Ky is one hour ahead of us---thats the eastern part--I dont know about the rest of Ky. Im in central time. Carrie is the one that is trying to get her doc to see me, so Im praying that shes able to do that. But if not---then Im going to see about the one in Knoxville. I just want a doc that is going to listen to me. I dont want the pain meds for the high---I just want a life where I dont hurt like this.
Ive only gone down my driveway with the chair but hubby normally goes with me---Ive only gone down twice by myself but there are people near by in case I get stuck.
Thanks again for your kind words---they mean so much.
Janet

IMHO You have the wrong PM doctor. U need a Doc that specializes in RSD, or at least one that knows more than yours seems. Your body naturally builds up a tolerance to opioids, so eventually it wont help as much, not to mention RSD is a permanent and progressive disease, so it basically gets worse as u have it longer (most of the time). As far as the Doc pressuring you or telling you that u HAVE to have the stimulator, u need to tell him to shove it. YOU are the ONLY person who makes the decision for that ,and DONT LET N E ONE TELL YOU WHAT TO DO! You can ask peoples opinions, but its up to u. Your Doc may just be looking for another quick pay day. My Doc says the stim is the next step for me, but from doing alot of research online and talkin to some people Id say just from my research, 80% of the people who have had it implanted have had to have it removed for 1 reason or another.

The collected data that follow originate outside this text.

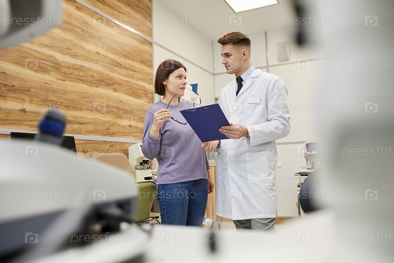 Молодая женщина разговаривает с врачом в клинике офтальмологии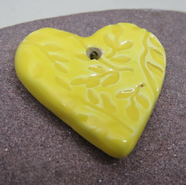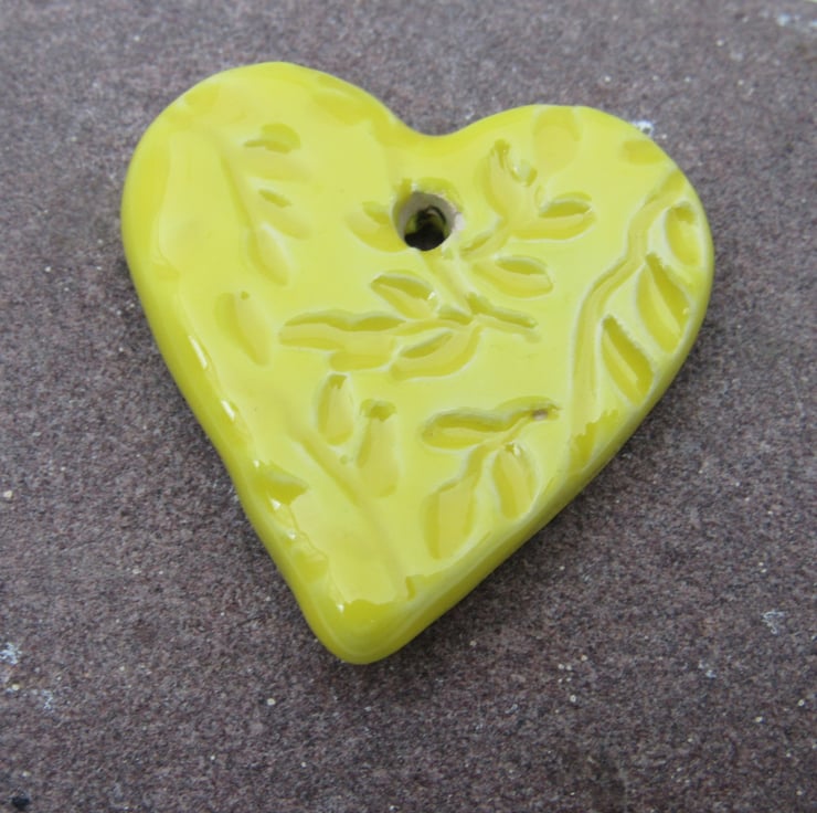 Medium Lemon Yellow Leaf Texture Heart Shaped Ceramic Pendant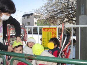 ひまわり組もそら組も朝日町の遊歩道付近まで行き、雪景色を見ました。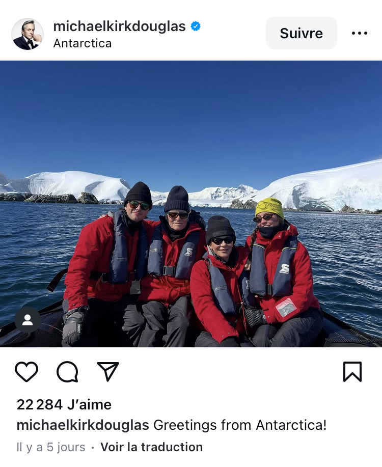 Майкъл Дъглас и с-во чаааааак в Антарктида отишли, далече от човешката (особено Холивудска) суета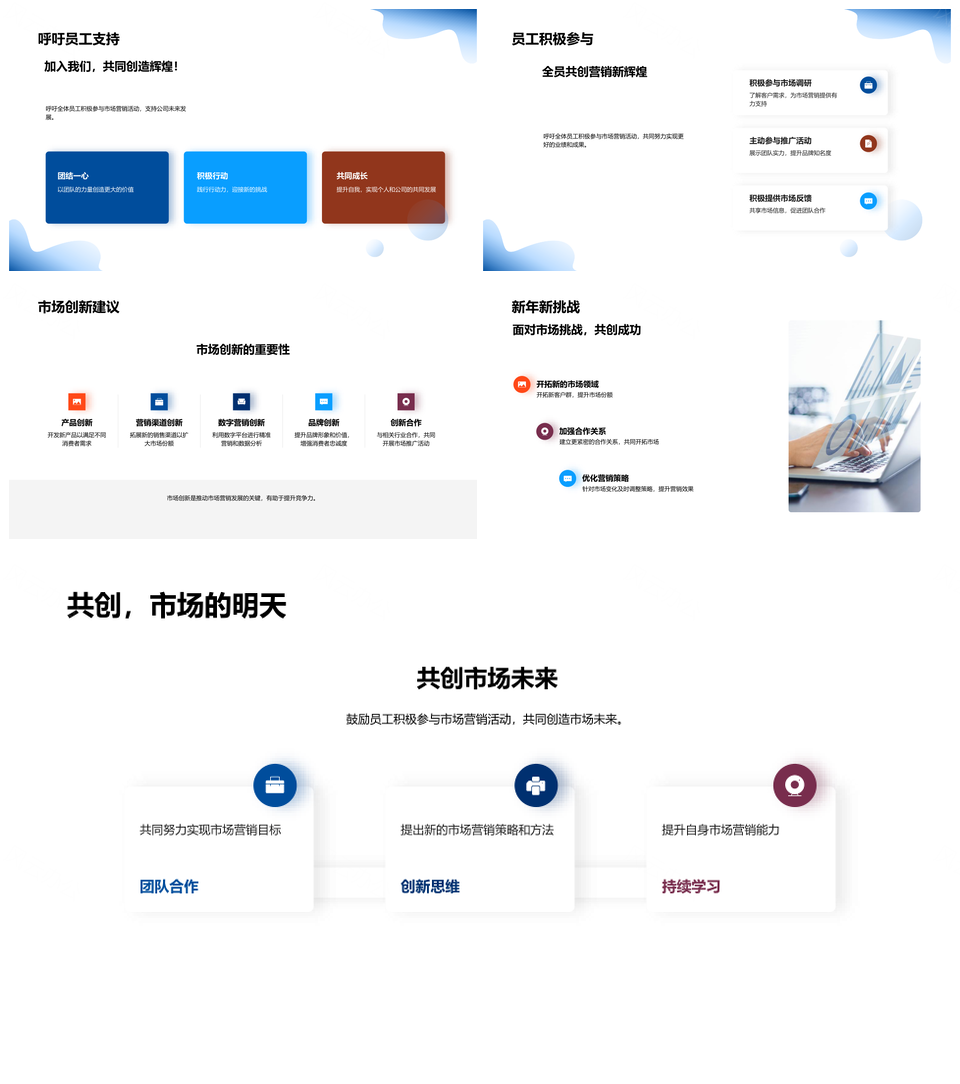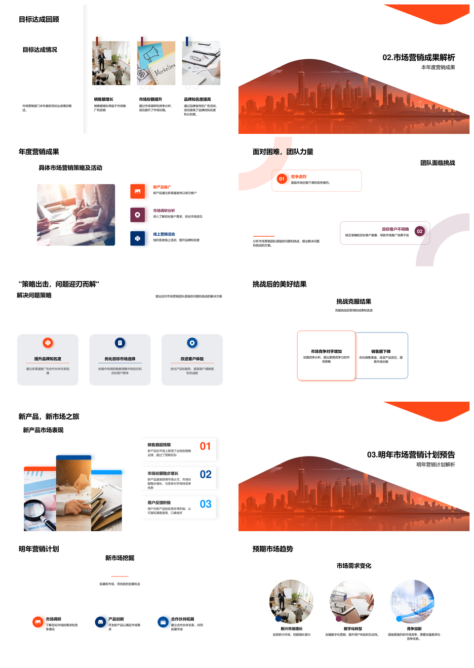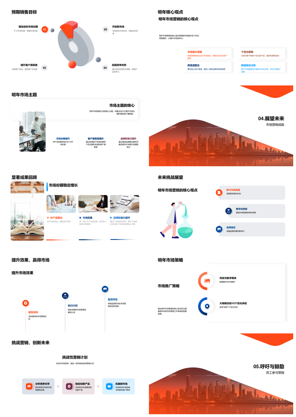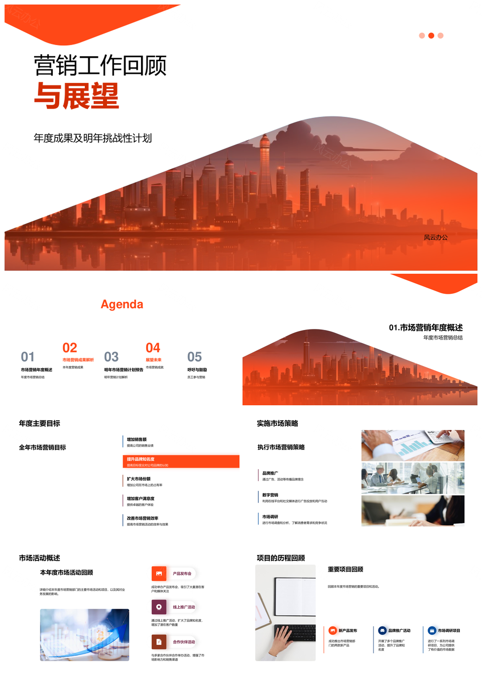 这是一张市场营销工作回顾展望策略成果团队计划PPT模板,包含市场营销、工作、回顾、展望、策略、成果、团队、计划等主题内容,也可用作市场营销工作回顾展望、工作回顾展望策略、回顾展望策略成果、策略成果团队计划、市场营销工作策略、工作策略成果、回顾展望策略、展望策略成果、市场营销策略成果、策略成果团队、成果团队计划、市场营销团队计划、市场营销工作、工作回顾、回顾展望等PPT场景使用。 风云办公提供的市场营销工作回顾展望策略成果团队计划PPT模板,下载格式为pptx,一共33页,作品中文字及图均可以修改和编辑,图片更改请在作品中右键图片并更换,文字修改请直接点击文字进行修改。

So for me what may as well be a heart transplant with an 80% failure rate aint gonna cut it!

Hi Raging Inferno,
I KNOW I have the wrong PM doc & I KNOW that hes an IDIOT. I also KNOW that he sees me as a PAYDAY!! The only problem is that Im having a problem finding a good one that takes my insurance. I had a doc years ago for my rsd--he said that the SCS wouldnt work for either that or my back---but this doc is so full of you know what C--- that he thinks that hes going to get that 30,000. Im still looking for a new PM & WILL NEVER give up until I find one. Love your comments. My PM doc told me that he had over 80% success rate with the stimulator. Which if you read just one article on the internet then you know that hes LYING!!!! Even though theres no rain on radar its been raining here all morning so my pain level is pretty high but I really wanted to answer you. Thanks. Janet

Physicians, no matter their education or lack of do not have patience for CRPS patients. Its easier for them to write an RX. Too bad they cannot be honest & say, "hey, let me research who would be the best pain management physician for your condition". It's maddening & undeserved.